**ENTRIES PROVIDED**
---

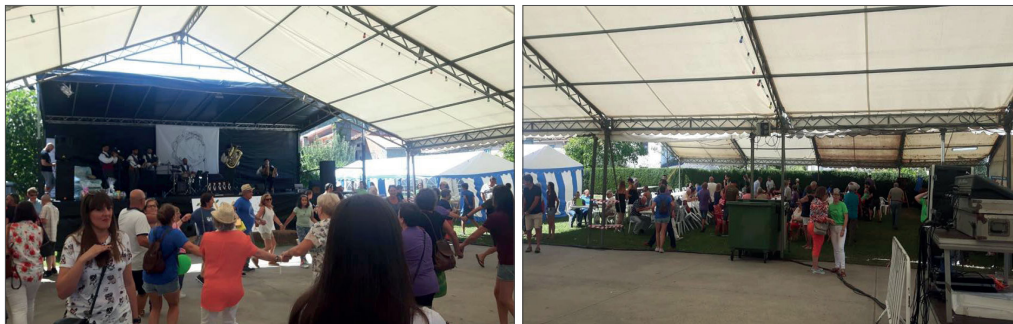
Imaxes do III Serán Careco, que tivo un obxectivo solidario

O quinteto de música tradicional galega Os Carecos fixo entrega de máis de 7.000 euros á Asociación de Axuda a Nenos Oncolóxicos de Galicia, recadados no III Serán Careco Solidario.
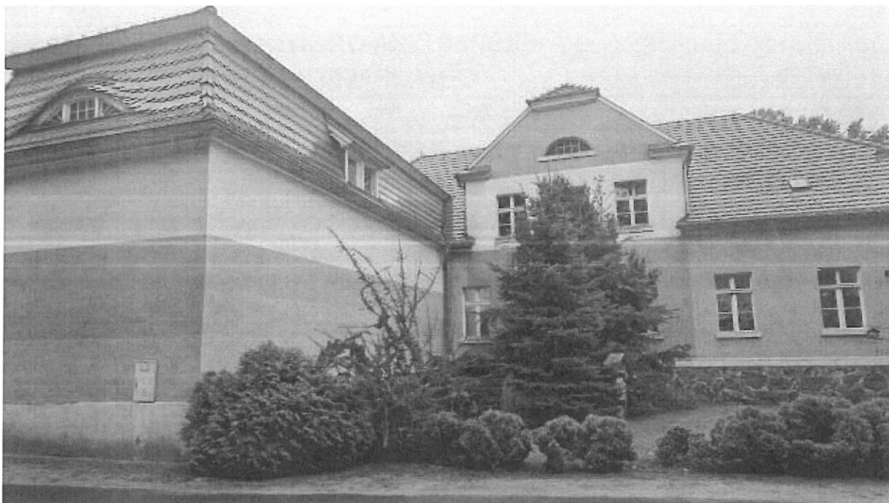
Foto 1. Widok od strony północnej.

---

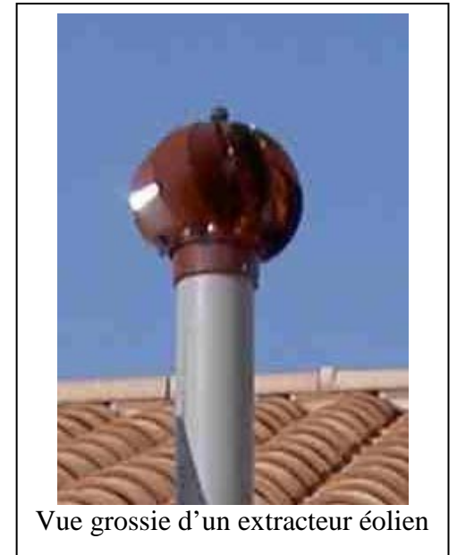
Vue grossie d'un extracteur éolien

---

**EXERCISE REQUIREMENTS**
Leave the pictures out. Output, exactly, the lines of the material above starting at the line containing "Imaxes do III" and ending at the line containing "Foto 1. Widok od strony północnej.".

**OUTPUT**
Imaxes do III Serán Careco, que tivo un obxectivo solidario

O quinteto de música tradicional galega Os Carecos fixo entrega de máis de 7.000 euros á Asociación de Axuda a Nenos Oncolóxicos de Galicia, recadados no III Serán Careco Solidario.
Foto 1. Widok od strony północnej.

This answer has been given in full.